A bill sponsored by Sen. Barack Obama — SB 1222, the “STOP FRAUD Act” — would impose a fine of up to $5 million and imprisonment of up to 35 years for mortgage fraud. But in interpreting the bill’s language, courts might define “a broad range of activities that are not fraudulent” as mortgage fraud — such as a lender’s recommendation on a mortgage that a borrower later decides is not in his or her best interest, the MBA said.

Several other of the bill’s provisions “have little, if anything, to do with mortgage fraud as that term is understood by law enforcement officials and the mortgage industry,” the MBA claims. Provisions the industry association found troublesome include heightened foreclosure requirements on some subprime loans and the creation of assignee liability in cases of “deceptive practices,” a term the MBA views as “vague and undefined.”

Assignee liability gives borrowers who claim they were taking advantage of the ability to sue not only loan originators but investors who buy their loan in the secondary market.

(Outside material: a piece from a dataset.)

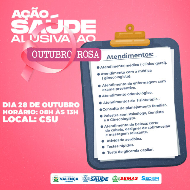 Na quinta-feira (28), a Saúde de Valença realiza uma Ação em Saúde alusiva ao Outubro Rosa com a realização de uma série de atividades, como: Atendimento médico e com ginecologista, exames preventivos, atendimento odontológico, atendimento de fisioterapia, consulta de planejamento familiar, palestras, atendimento de beleza com corte de cabelos, designer de sobrancelhas e massagem relaxante, atividade aeróbica, testes rápidos e glicemia capilar.

While some lawmakers and consumer groups say assignee liability would reduce the incentive for originators to make predatory loans, critics say it would scare investors away from mortgage-backed securities and raise the cost of borrowing.

SB 1222 would also require lenders to provide counseling services to borrowers about activities or practices that are likely to increase the risk of foreclosure.

“Whether one believes such provisions have merit as a matter of public policy, they are not directly related to mortgage fraud,” the MBA said, but “clearly are intended to address concerns related to ‘predatory’ lending.”

Existing mail and wire fraud statutes are “applicable to any and all instances of mortgage fraud,” the MBA maintains, and allow courts to impose large fines and long prison sentences on mortgage fraud perpetrators.

The MBA said it supports some of the ideas put forward in Obama’s bill, including the creation of a database of debarred or censured mortgage professionals and increased funding for monitoring and law enforcement.

“Rather than drafting new legislation, the focus should be on providing the structure and resources needed by law enforcement officials to combat mortgage fraud,” the MBA paper concluded. “While law enforcement has all the legal tools it needs at its disposal, it requires more resources and a more efficient framework to use those tools effectively.”

Earlier this year, the MBA asked Congress to set aside $31.25 million over a five-year period to hire more FBI investigators and prosecutors.

In addition to advocating more funding for mortgage fraud prevention and prosecution efforts, the MBA wants to see an office dedicated to mortgage fraud created within the Department of Justice.

Staffed with prosecutors and investigators with experience in mortgage fraud, a federal Office of Mortgage Fraud Enforcement could coordinate with state attorneys general and prosecutors to detect and prosecute crimes against lenders. The MBA also envisions an intergovernmental database, with lenders contributing information that would prevent “serial offenders” from employing the same scheme in different communities.